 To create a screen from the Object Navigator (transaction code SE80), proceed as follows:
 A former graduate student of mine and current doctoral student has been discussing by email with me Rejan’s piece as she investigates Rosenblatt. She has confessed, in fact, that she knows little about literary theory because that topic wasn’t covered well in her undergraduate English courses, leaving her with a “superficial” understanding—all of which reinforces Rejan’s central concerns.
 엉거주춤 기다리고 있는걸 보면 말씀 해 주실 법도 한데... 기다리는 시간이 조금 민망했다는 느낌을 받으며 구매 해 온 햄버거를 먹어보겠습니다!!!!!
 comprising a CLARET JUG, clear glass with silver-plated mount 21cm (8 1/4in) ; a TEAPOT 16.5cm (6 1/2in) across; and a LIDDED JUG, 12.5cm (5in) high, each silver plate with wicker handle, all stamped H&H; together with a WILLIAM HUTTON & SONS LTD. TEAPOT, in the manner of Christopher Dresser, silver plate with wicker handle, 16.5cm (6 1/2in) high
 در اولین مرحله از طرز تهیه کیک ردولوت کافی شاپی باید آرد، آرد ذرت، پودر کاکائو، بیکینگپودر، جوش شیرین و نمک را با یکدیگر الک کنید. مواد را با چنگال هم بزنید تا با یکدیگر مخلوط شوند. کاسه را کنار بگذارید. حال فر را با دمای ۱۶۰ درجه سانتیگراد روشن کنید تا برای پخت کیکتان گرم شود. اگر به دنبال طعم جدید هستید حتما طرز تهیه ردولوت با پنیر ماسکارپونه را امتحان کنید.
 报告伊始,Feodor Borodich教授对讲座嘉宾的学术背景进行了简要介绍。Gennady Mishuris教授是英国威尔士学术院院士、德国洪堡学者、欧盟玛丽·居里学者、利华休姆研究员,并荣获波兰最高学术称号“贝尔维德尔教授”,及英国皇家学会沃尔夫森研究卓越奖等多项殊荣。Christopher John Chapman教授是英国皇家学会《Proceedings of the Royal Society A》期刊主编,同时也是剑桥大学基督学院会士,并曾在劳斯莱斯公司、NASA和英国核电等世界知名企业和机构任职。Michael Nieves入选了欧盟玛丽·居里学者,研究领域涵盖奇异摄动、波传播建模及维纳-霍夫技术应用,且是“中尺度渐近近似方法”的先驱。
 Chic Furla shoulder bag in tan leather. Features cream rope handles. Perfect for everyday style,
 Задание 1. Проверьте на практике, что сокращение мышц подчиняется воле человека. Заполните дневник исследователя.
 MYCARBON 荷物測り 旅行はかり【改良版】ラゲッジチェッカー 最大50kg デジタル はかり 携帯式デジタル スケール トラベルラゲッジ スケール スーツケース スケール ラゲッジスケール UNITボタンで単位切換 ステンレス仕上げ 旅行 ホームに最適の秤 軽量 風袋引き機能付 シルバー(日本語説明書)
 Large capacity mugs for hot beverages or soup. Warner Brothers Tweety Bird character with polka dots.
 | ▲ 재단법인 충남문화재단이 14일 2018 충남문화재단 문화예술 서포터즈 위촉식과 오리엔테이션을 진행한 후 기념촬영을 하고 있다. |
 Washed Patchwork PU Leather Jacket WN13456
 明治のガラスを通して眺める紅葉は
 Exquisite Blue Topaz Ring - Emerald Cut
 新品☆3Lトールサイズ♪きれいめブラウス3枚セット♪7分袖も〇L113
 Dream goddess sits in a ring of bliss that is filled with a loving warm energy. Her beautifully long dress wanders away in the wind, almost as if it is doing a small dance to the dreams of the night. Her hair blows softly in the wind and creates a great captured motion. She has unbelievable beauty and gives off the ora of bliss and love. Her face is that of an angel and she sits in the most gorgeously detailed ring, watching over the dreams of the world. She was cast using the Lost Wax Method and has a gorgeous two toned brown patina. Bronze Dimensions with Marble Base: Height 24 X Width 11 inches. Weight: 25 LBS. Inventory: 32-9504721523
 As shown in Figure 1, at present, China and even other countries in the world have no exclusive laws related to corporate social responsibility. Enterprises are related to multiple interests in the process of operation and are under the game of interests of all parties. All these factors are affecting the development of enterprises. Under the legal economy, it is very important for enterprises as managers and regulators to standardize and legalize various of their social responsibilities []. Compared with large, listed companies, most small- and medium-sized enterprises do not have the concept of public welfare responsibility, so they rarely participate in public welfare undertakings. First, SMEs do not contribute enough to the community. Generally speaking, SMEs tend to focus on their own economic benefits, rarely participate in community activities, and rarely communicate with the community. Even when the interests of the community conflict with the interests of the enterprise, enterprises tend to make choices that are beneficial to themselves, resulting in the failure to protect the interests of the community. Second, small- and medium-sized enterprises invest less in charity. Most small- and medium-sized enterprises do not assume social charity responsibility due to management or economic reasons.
^^^^^^^^^^^^^^^^
▶ **Action item**
Could you please copy the lines of the listing above exactly, from its first line through the line bearing "در اولین مرحله", and nothing more?

▶ **Task answer**
 To create a screen from the Object Navigator (transaction code SE80), proceed as follows:
 A former graduate student of mine and current doctoral student has been discussing by email with me Rejan’s piece as she investigates Rosenblatt. She has confessed, in fact, that she knows little about literary theory because that topic wasn’t covered well in her undergraduate English courses, leaving her with a “superficial” understanding—all of which reinforces Rejan’s central concerns.
 엉거주춤 기다리고 있는걸 보면 말씀 해 주실 법도 한데... 기다리는 시간이 조금 민망했다는 느낌을 받으며 구매 해 온 햄버거를 먹어보겠습니다!!!!!
 comprising a CLARET JUG, clear glass with silver-plated mount 21cm (8 1/4in) ; a TEAPOT 16.5cm (6 1/2in) across; and a LIDDED JUG, 12.5cm (5in) high, each silver plate with wicker handle, all stamped H&H; together with a WILLIAM HUTTON & SONS LTD. TEAPOT, in the manner of Christopher Dresser, silver plate with wicker handle, 16.5cm (6 1/2in) high
 در اولین مرحله از طرز تهیه کیک ردولوت کافی شاپی باید آرد، آرد ذرت، پودر کاکائو، بیکینگپودر، جوش شیرین و نمک را با یکدیگر الک کنید. مواد را با چنگال هم بزنید تا با یکدیگر مخلوط شوند. کاسه را کنار بگذارید. حال فر را با دمای ۱۶۰ درجه سانتیگراد روشن کنید تا برای پخت کیکتان گرم شود. اگر به دنبال طعم جدید هستید حتما طرز تهیه ردولوت با پنیر ماسکارپونه را امتحان کنید.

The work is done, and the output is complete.